(Beginning of DATA FOR THIS EXERCISE)

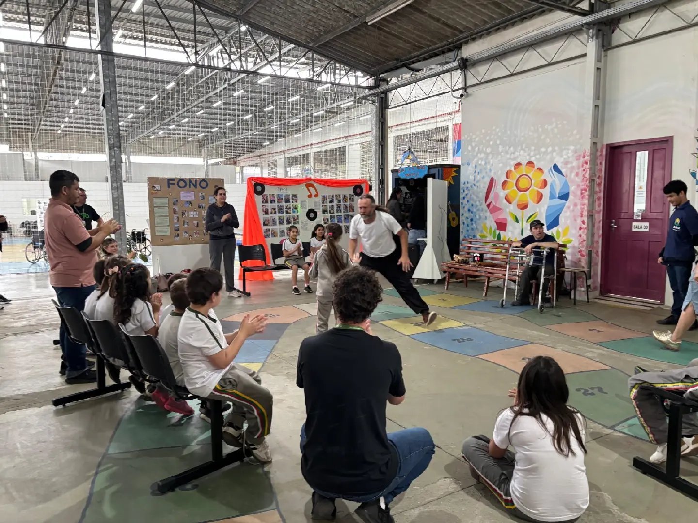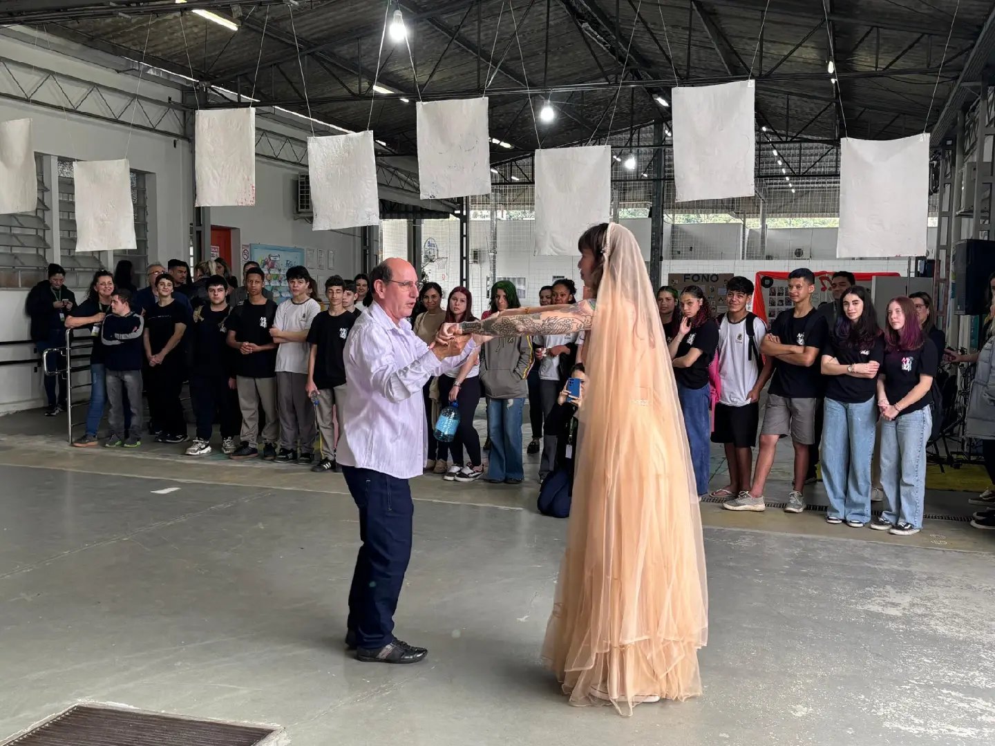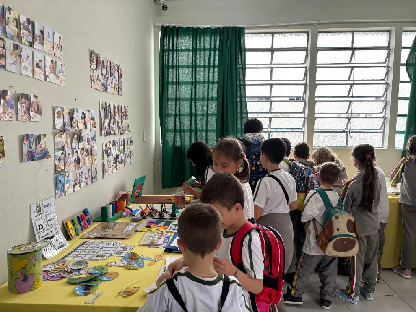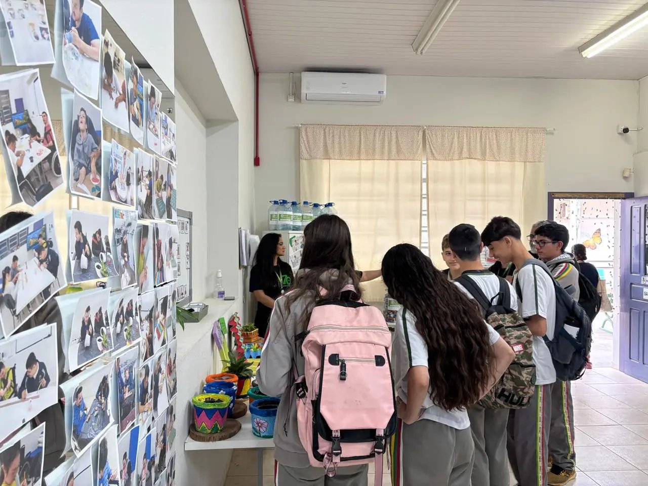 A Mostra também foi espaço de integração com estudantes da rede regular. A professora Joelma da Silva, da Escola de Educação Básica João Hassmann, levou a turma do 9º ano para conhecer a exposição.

(End of DATA FOR THIS EXERCISE)
(Beginning of DATA FOR THIS EXERCISE)

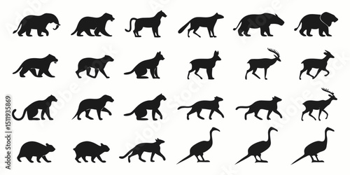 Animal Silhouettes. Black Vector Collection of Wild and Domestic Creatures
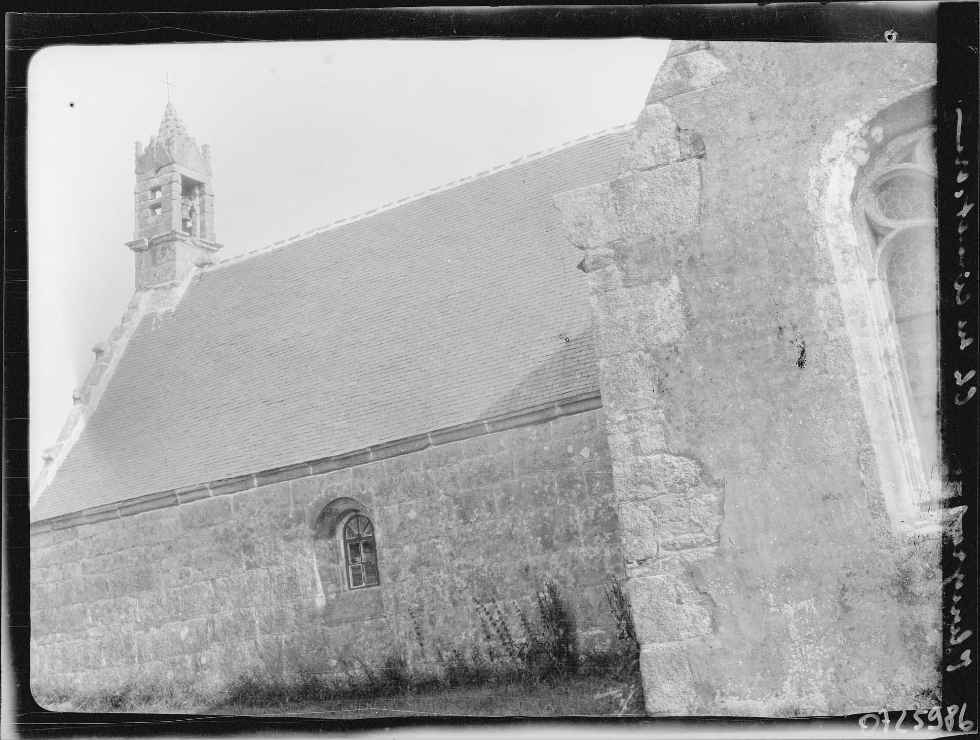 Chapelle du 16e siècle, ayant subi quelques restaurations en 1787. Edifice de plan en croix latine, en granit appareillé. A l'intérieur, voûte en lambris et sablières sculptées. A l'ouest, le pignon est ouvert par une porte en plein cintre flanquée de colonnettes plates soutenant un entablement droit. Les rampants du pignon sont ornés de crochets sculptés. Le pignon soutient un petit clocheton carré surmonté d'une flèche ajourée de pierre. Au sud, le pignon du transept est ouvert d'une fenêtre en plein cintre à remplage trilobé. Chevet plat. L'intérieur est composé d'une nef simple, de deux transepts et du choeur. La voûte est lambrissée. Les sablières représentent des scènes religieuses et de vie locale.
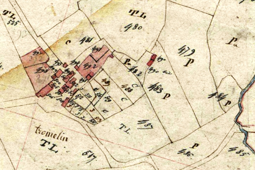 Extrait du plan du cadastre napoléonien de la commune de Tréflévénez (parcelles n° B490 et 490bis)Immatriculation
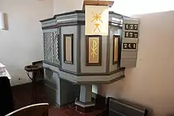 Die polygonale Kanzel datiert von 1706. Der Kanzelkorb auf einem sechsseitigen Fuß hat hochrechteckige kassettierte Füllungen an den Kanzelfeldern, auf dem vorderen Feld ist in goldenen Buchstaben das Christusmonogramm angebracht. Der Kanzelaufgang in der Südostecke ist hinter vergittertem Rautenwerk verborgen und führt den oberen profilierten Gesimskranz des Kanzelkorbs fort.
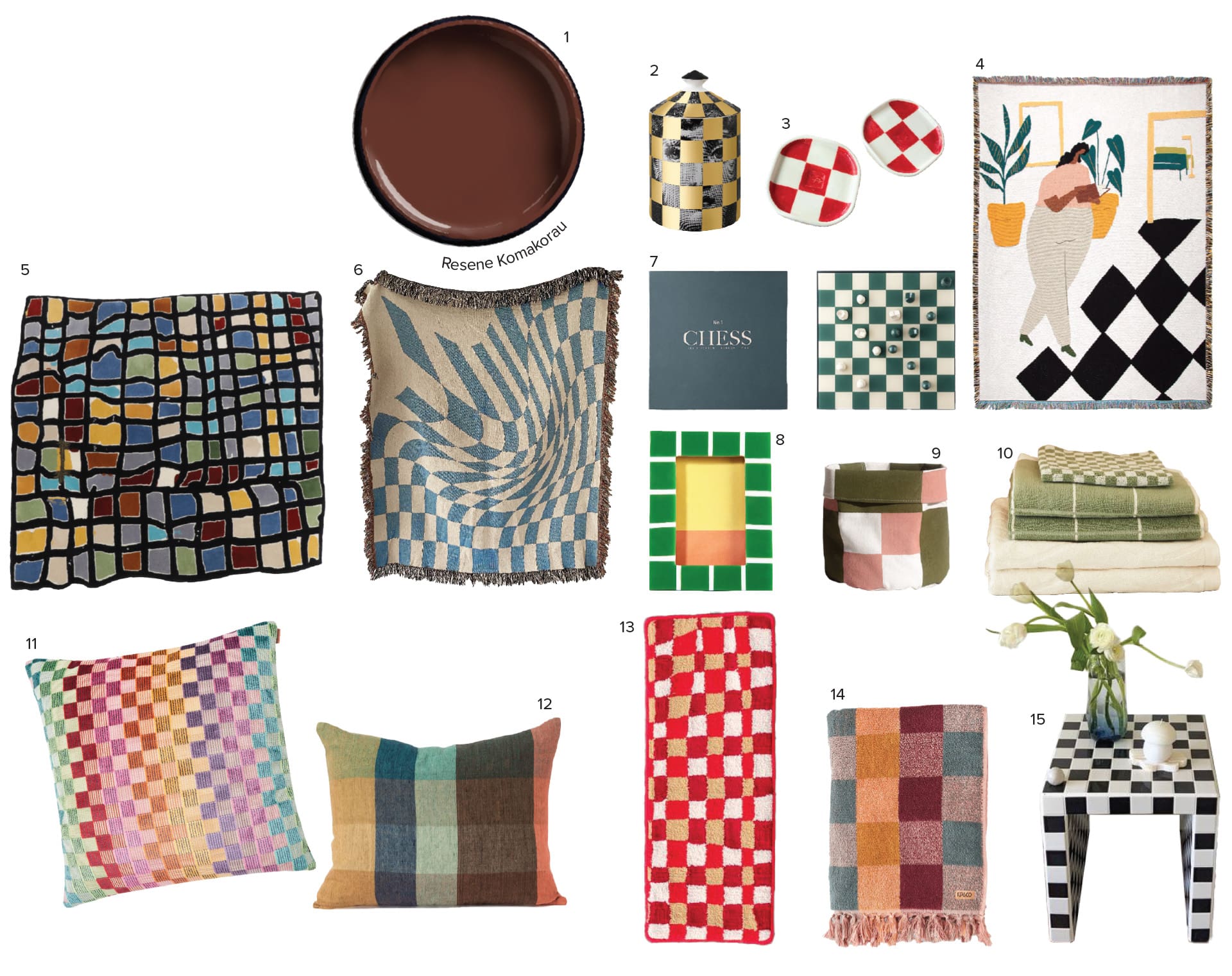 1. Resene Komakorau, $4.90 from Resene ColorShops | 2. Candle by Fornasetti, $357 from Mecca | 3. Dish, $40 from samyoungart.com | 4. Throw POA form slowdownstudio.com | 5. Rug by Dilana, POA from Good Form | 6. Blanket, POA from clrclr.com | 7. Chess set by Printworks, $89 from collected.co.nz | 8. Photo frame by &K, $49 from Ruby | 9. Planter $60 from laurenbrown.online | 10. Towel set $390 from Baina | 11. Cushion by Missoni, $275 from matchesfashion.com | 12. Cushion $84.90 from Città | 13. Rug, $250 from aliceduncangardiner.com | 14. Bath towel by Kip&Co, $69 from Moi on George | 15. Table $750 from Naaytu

(End of DATA FOR THIS EXERCISE)
(Beginning of DATA FOR THIS EXERCISE)

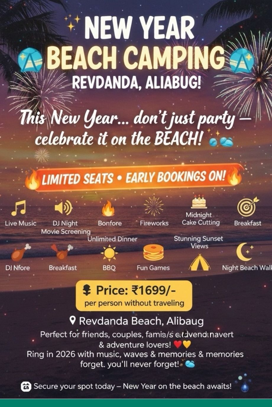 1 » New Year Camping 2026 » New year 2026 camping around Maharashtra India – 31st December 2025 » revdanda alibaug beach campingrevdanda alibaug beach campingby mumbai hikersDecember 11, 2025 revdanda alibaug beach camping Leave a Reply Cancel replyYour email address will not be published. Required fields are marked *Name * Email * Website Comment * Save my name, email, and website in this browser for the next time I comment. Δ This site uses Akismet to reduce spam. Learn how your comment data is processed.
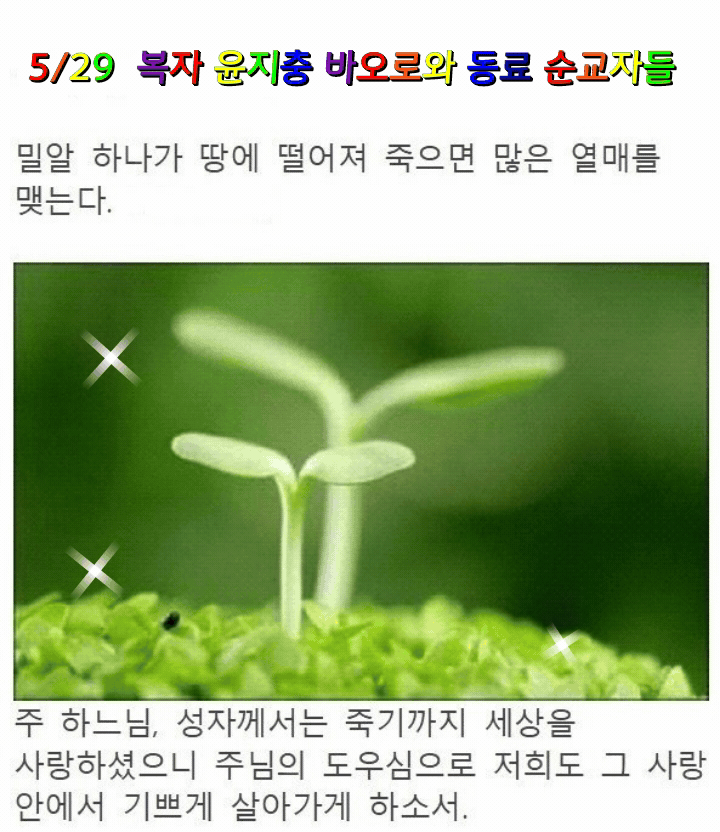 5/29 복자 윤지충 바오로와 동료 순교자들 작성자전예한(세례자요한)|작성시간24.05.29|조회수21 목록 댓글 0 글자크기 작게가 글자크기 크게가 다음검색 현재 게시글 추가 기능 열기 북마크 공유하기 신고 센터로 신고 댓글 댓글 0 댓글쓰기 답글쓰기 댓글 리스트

(End of DATA FOR THIS EXERCISE)

TASK DIRECTIONS: Nothing but the lines above from the one that has "Die polygonale Kanzel" down to the one that has "1. Resene Komakorau, $4.90" belongs in the answer, copied exactly, without pictures.

RESULT BELOW:
 Die polygonale Kanzel datiert von 1706. Der Kanzelkorb auf einem sechsseitigen Fuß hat hochrechteckige kassettierte Füllungen an den Kanzelfeldern, auf dem vorderen Feld ist in goldenen Buchstaben das Christusmonogramm angebracht. Der Kanzelaufgang in der Südostecke ist hinter vergittertem Rautenwerk verborgen und führt den oberen profilierten Gesimskranz des Kanzelkorbs fort.
 1. Resene Komakorau, $4.90 from Resene ColorShops | 2. Candle by Fornasetti, $357 from Mecca | 3. Dish, $40 from samyoungart.com | 4. Throw POA form slowdownstudio.com | 5. Rug by Dilana, POA from Good Form | 6. Blanket, POA from clrclr.com | 7. Chess set by Printworks, $89 from collected.co.nz | 8. Photo frame by &K, $49 from Ruby | 9. Planter $60 from laurenbrown.online | 10. Towel set $390 from Baina | 11. Cushion by Missoni, $275 from matchesfashion.com | 12. Cushion $84.90 from Città | 13. Rug, $250 from aliceduncangardiner.com | 14. Bath towel by Kip&Co, $69 from Moi on George | 15. Table $750 from Naaytu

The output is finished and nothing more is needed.